In terms of image size on the screen, Thorburn says, “the standard rule of thumb for sizing images is the four six eight (4-6-8) rule. This means the furthest viewer should be no more than 4, 6, or 8 times the image height away, depending on the material being viewed. Conversely, if you know the furthest viewer is 60 feet from the image, then the screen should be 15, 10 or 7.5 feet high, respectively, based on the 4-6-8 rule.

“The 4 factor is used when we need to inspect the image, such as a CAD drawing or a fine detailed map that requires close inspection,” he continues. “The 6 factor is used for reading or detailed viewing, such as spreadsheets or text with images. This is the most common size for presentation environments. The 8 factor is used for general viewing, watching a movie or images with few words.

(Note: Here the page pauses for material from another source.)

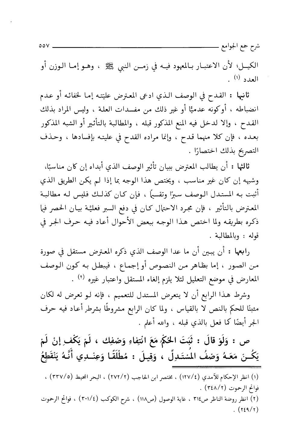 ثَانِيهَا: القَدْحُ فِي الوَصْفِ الذي ادَّعَى المُعْتَرِضُ عِلِّيَّتَهُ، إِمَّا لِخَفَائِه، أَو عَدَمِ انْضِبَاطِهِ، أَو كَوْنِه عَدَمِيًّا أَو غَيْرَ ذَلِكَ من مُفْسِدَاتِ العِلَّةِ، وَلَيْسَ المُرَادُ بِذَلِكَ مُطْلَقُ القَدْحِ، وإِلاَّ لَدَخَلَ فِيهِ المَنْعُ/ (١٦٥/ب/م) المَذْكُورُ قَبْلَه، وَالمُطَالَبَةُ بِالتَّأْثِيرِ أَوِ الشَّبَهِ المَذْكُورِ بَعْدَه، فإِنَّ كُلاًّ مِنْهُمَا قَدْحٌ، وإِنَّمَا مُرَادُه القَدْحُ فِي عِلِّيَّتِه بإِفْسَادِهَا، وحَذَفَ التَّصْرِيحَ بِذَلِكَ اخْتِصَارًا.

“The 4-6-8 rule is derived from studies showing the minimum symbol height (i.e. text) the human eye can resolve along with a factor to account for viewers of varying visual acuity and varying viewing angles. No matter what the material, if you are doing a presentation, the 4-6-8 rule can be applied. Once the image height is known, the aspect ratio determines the screen width.

“For traditional video displays, the aspect ratio is 4:3 (i.e., 4 units wide by 3 units high or 1.33); for HDTV displays, the aspect ratio is 16:9 (i.e., 16 units wide by 9 units high or 1.78). So the 10-foot-high image mentioned earlier would be 13.3 feet wide for a traditional video display and 17.8 feet wide for an HDTV display.”

In terms of viewing angle, Thorburn recommends a “preferred” angle of “no more than 45 degrees to each side of the center of the image, or within a 90-degree ‘viewing cone’ centered on the image. This cone can be expanded to 45 degrees off the edge of the image for acceptable viewing areas. Using the aspect ratio above, you now know the width of the image and can determine the acceptable viewing area.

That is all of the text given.